ポイント購入によりポイント付加の優遇があったりすることもあり、お得にモノが買えたり、サービス提供を受けることができます。今ではコンビニなども独自のポイント制度を採用していたり、バーコード決済(PayPay)による決済も随分普及してきました。
クレジットカードからポイント購入もできたりするので、その分ややこしさも増したように感じますが、経理の際の基本は変わりません。
それはチャージやポイント購入したその内容そのものは経費にならないということです。いわば、そのカードや決済媒体に現金を預けているのと同じ状態と言えるからです。預けているだけで、まだ使っていないわけですので、ポイント購入そのものの支出は経費になりません。

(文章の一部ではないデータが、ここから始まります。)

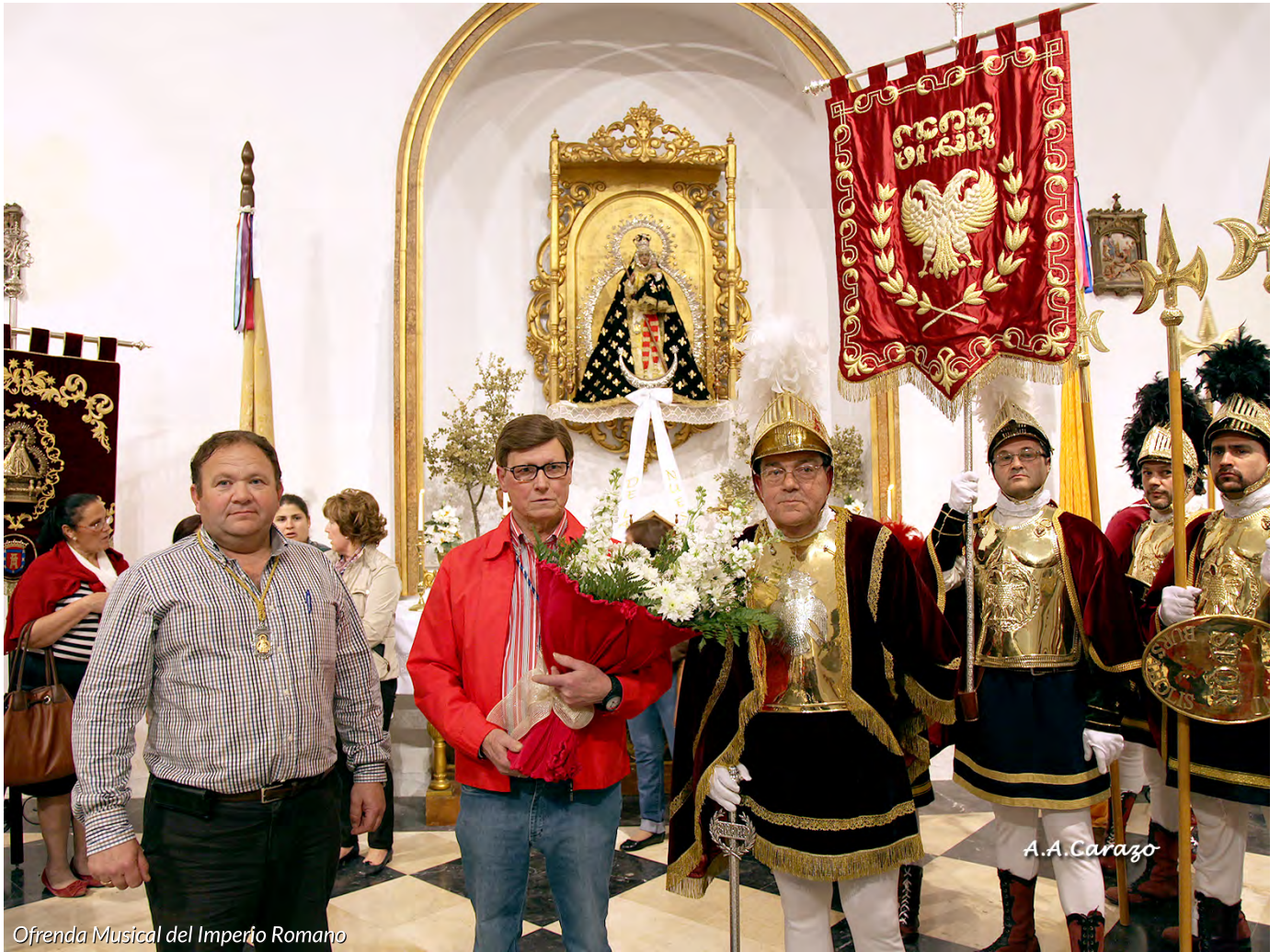
Ofrenda Musical del Imperio Romano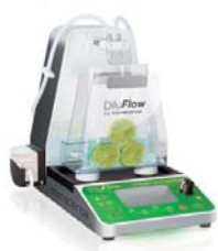
DiluFlow®グラビメトリック自動希釈装置

ここまでで触れたように、交通系ICカードひとつとっても、いろんなことの決済に使えるようになっています。電車やバスに乗るためだけに使えるものではないということです。使途が拡がり、便利さが増したことで、ある意味でその内容をしっかりと確認しておくことが経理においても重要性を増しています。
経費になるタイミング
では、どのタイミングで経費になるのでしょうか。実際にそのポイントやチャージを使ったときに経費になります。
仕訳例
仕訳にして考えてみますと、以下のようになります。
交通系ICカードに現金でチャージをした場合
仮払金(※)/現金 5,000円
※仮払金の勘定科目は適宜使い勝手の良い項目で構いません。ただし、いきなり旅費交通費にはなりません。
交通系ICカードで仕事のために電車に乗った場合
旅費交通費/仮払金 350円
といった形での計上になります。
交通系ICカードのチャージのときに、いきなり旅費交通費に計上しているケースを見かけますが、すべてが旅費交通費に最終的になるとしても、使ったタイミングでの振替が正しい処理になります。
簡便的な処理方法
個人事業主や一人社長で処理が面倒に感じる場合には、以下のように処理することも可能です。
個人事業主の場合
- チャージの際には仕訳処理をしない
- 交通系ICカードで仕事のためにバスに乗った場合
旅費交通費/事業主借 220円
ひとり社長の場合
- チャージの際には仕訳処理をしない(会社の現預金ではなく、社長の立て替えとする)
- 交通系ICカードで仕事のために電車に乗った場合
旅費交通費/役員借入金 450円
- 後日、役員借入金についてはタイミングを見て精算しておく(役員借入金を残さないため)
交通系ICカードに限らず、ECサイト(Amazon、楽天、メルカリなど)でのポイントチャージの処理も同様にしておくのが望ましいです。
まとめ
チャージやポイント購入においては、購入時点ではなく実際に使用した時点で経費計上するのが基本です。現金を預けているのと同じ状態であり、使途も多様化している現在では、適切な時期での経費計上がより重要となっています。
処理方法としては、原則として仮払金等を使った二段階処理が正確ですが、個人事業主や一人社長の場合は簡便的な処理も可能です。いずれの方法を選択する場合でも、一貫性を持って処理することが大切です。